Exhibit 10.10
FIRST AMENDMENT OF BUSINESS LOAN AGREEMENT
------------------------------------------
AND RELATED DOCUMENTS
---------------------
THIS FIRST AMENDMENT OF BUSINESS LOAN AGREEMENT AND RELATED
DOCUMENTS (the "First Amendment") is made effective as of the
28th day of August, 2003, between PETMED EXPRESS, INC., a Florida
corporation (the "Borrower"), and SOUTHTRUST BANK, an Alabama
banking corporation (the "Lender"). Capitalized terms used
herein but not defined shall have the meanings as set forth in
the Loan Agreement (as hereinafter defined).
WHEREAS, pursuant to the terms of that certain Business Loan
Agreement (Asset Based) dated March 18, 2003 (the "Loan
Agreement"), Lender extended to Borrower a line of credit loan
(the "Loan") in the amount of up to $2,000,000.00, which Loan is
evidenced by that certain Promissory Note dated March 18, 2003
given by Borrower in favor of Lender in the principal amount of
$2,000,000.00 (the "Note"), and which Loan is secured by that
certain Commercial Security Agreement dated March 18, 2003 given
by Borrower in favor of Lender (the "Security Agreement"); and
WHEREAS, Borrower and Lender have agreed to amend the Loan
Agreement, the Note, the Security Agreement and the other Related
Documents in order to, among other things, (i) increase the
maximum principal amount of the Loan, (ii) extend the maturity
date of the Loan from July 22, 2004 until August 28, 2004, (iii)
amend the interest rate, (iv) amend the Borrowing Base, and (v)
amend certain of the financial covenants, all as more
specifically hereinafter set forth.
NOW, THEREFORE, in consideration of One Dollar ($1.00) and
other good and valuable consideration, the receipt and adequacy
of which are hereby acknowledged, the parties agree that the Loan
Agreement, the Note, the Security Agreement and the other Related
Documents are hereby amended as follows:
The Loan Agreement is hereby amended by deleting in their
entirety the sections of the Loan Agreement entitled "TERM" and
"LINE OF CREDIT", and by substituting in lieu thereof the
following:
TERM. This Agreement shall be effective as of March
18, 2003, and shall continue in full force and effect
until such time as all of Borrower's Loans in favor of
Lender have been paid in full, including principal,
interest, costs, expenses, attorneys' fees and other
fees and charges, or until August 28, 2004.

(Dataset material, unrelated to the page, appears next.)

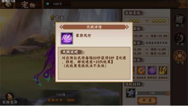 宠物对于携带者有着极大的属性及伤害加成,并且宠物的技能天赋也有不同程度的提升,因为不同的宠物也对应不同的武将,才能够发挥其最大化的效果。S级宠物雷雀,三天赋提升攻速、移速、释放速度,四天赋提升普攻速度,优先携带者:荀彧。众所周知,荀彧的小技能伤害高并且CD短,如此看来朱雀对于荀彧就是绝配,提升技能释放速度和普攻速度,可以让荀彧小技能的伤害输出最大化。
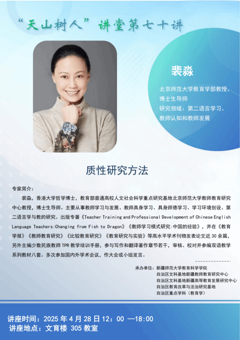上一条:李伟俊教授做客“天山树人”讲堂第七十七讲

LINE OF CREDIT. Lender agrees to make Advances to
Borrower from time to time from the date of this
Agreement to the Expiration Date, provided that the
aggregate amount of such Advances outstanding at any
time shall not exceed during any consecutive 365-day
period, the lesser of (i) $5,000,000.00 for 150
consecutive days during any applicable consecutive 365-
day period, or (ii) the Borrowing Base; and (B) at all
other times, the lesser of $3,000,000.00, or (ii) the
Borrowing Base. Within the foregoing limits, Borrower
may borrow, partially or wholly prepay, and reborrow
under this Agreement as follows:
The Loan Agreement is hereby amended by deleting in their
entirety the financial covenants and ratios relating to minimum
Tangible Net Worth and the Maximum Liability to Tangible Net
Worth ratio, and by substituting in lieu thereof the following:
TANGIBLE NET WORTH REQUIREMENTS. Borrower shall
maintain a Tangible Net Worth of not less than
$5,000,000.00.
MAXIMUM LIABILITY TO TANGIBLE NET WORTH RATIO.
Borrower shall maintain a ratio of Maximum Liability to
Tangible Net Worth of not more than 1.5 to 1.0
The Loan Agreement is hereby amended by deleting in its
entirety the definition of "Borrowing Base" and by substituting
in lieu thereof the following:
Borrowing Base. The words "Borrowing Base" mean forty-
five percent (45%) of Borrower's Eligible Inventory.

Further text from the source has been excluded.